The NG liquefaction process in liquefied heat exchanger.

For HMR and LMR in LNG heat exchanger, the pressure of HMR decreases and that of LMR increases with the operation time if the throttle value is not shut in the ESOP. The pressure of HMR is finally balanced with that of LMR. By the heat transfer in crosswise direction of LNG heat exchanger, the temperature of HMR and LMR increases as the operation time increases in the ESOP. And the temperature finally reaches the equilibrium state between LMR and HMR. In practical engineering, the temperature or pressure of MR is intricately changed with the operation time in ESOP. In order to conveniently analyze the relationship between stress of PFS and ESOP, the follow simplification should be needed: (1) The temperature difference is assumed to be constant between HMR and LMR in the ESOP because that the influence of temperature change rate of LMR is not obvious for the stress of PFS [15]. In other word, the temperature change rate of LMR remains constant in the ESOP and is the same as that of HMR. Finally, the temperature of LMR reaches the balance temperature (T_b). (2) The HMR pressure is assumed to linearly decrease with the operation time in the ESOP. The LMR pressure linearly increases with the operation time of that.
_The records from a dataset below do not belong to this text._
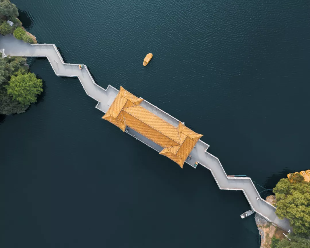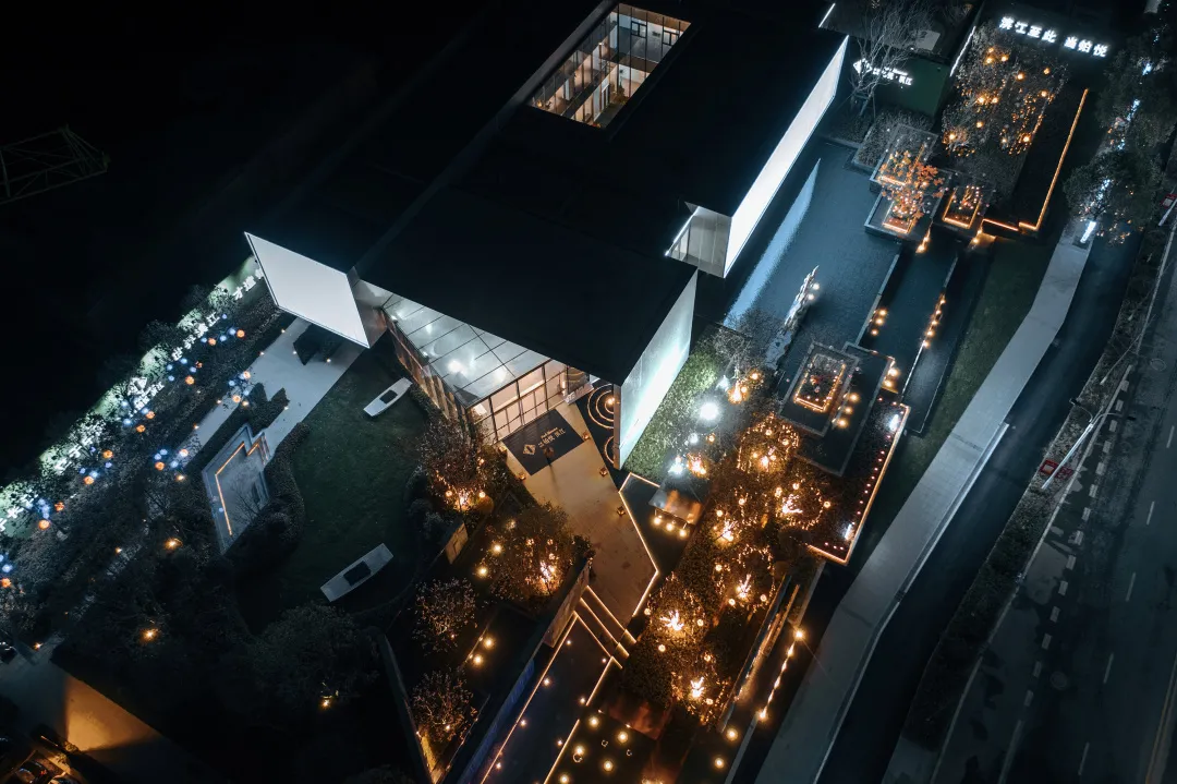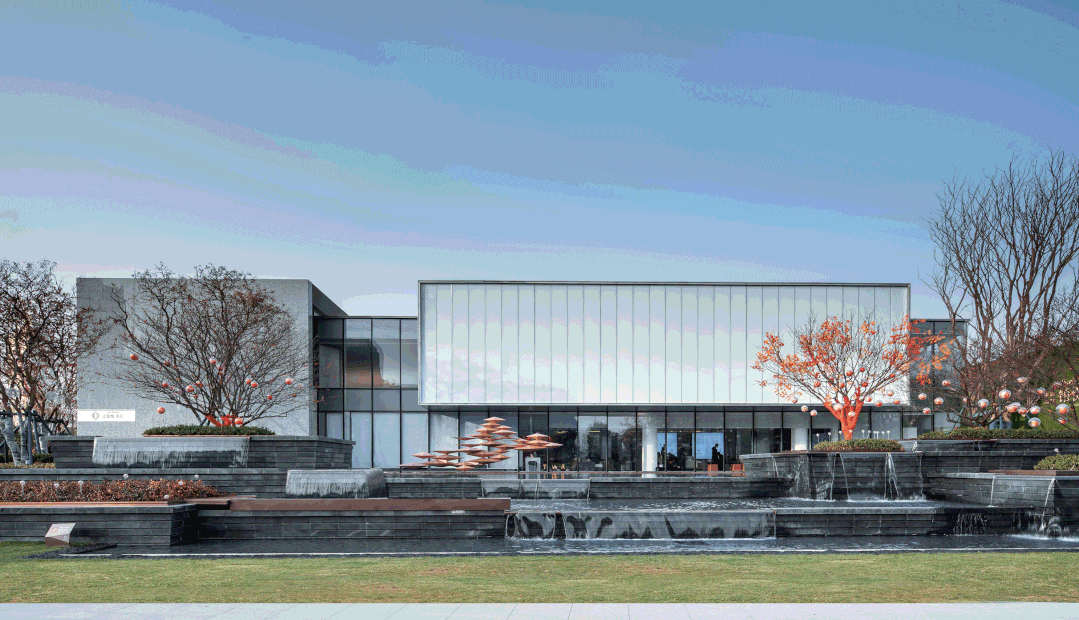示范區(qū)的景觀設(shè)計(jì),依舊沿用了簡(jiǎn)約明快的造園風(fēng)格,引入疊落的水景和鏡面水池,以折線為鋪地和曲橋形式,加入厚重的石材擋墻與輕巧的鋁板格柵區(qū)分內(nèi)外,形成山水相依的格局,隱喻長(zhǎng)江浪涌之動(dòng)及水面清幽之靜,呼應(yīng)項(xiàng)目所在地的長(zhǎng)江水文化特色。
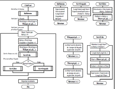 **Por ejemplo, para simular el arribo de un taxi con huéspedes a la puerta de un hotel se utilizaría un generador de observaciones aleatorias con distribución exponencial como TaxiLlega(m), donde m es la media del tiempo entre llegadas especificado en el modelo del sistema.
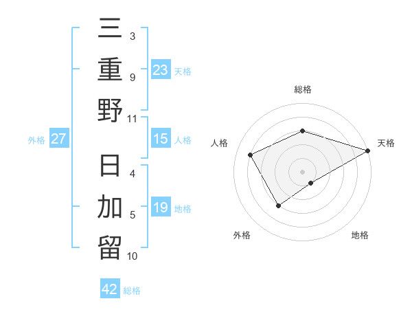 三重野 日加留さんを姓名の画数から五運を鑑定
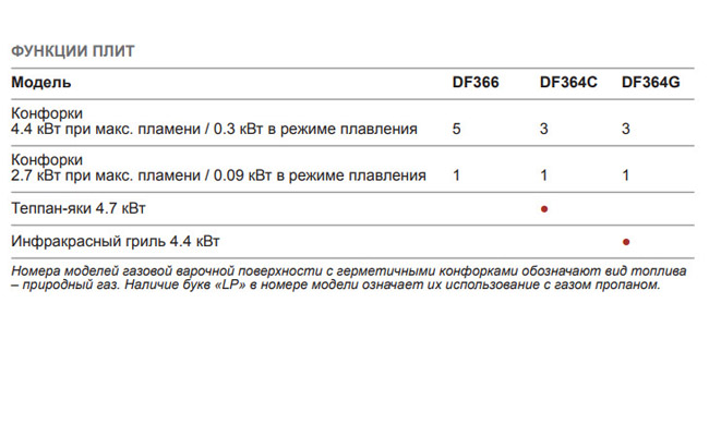 Режим томления на сверхнизком уровне пламени (True simmer) для всех конфорок и режим плавления (Melt) для маленьких конфорок
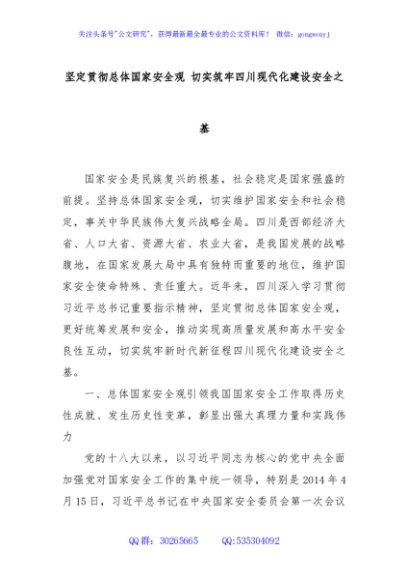 / 坚定贯彻总体国家安全观 切实筑牢四川现代化建设安全之基

And the pressure of HMR and LMR finally reaches the balance pressure (P_b). Figure 2 is the diagram of relationship between the pressure and temperature of MR (LMR and HMR) and the operation time in the ESOP which the operational parameters in the normal operation are the HMR pressure P_HMR = 4.1 MPa, LMR pressure P_LMR = 0.4 MPa, HMR temperature T_HMR = 160 K and LMR temperature T_LMR = 150 K. The relationship between stress of PFS and ESOP is analyzed in the ESOP based on the above assumptions.

Fig. 2

The diagram of relationship between the pressure and temperature of MR (LMR and HMR) and the operation time in the ESOP.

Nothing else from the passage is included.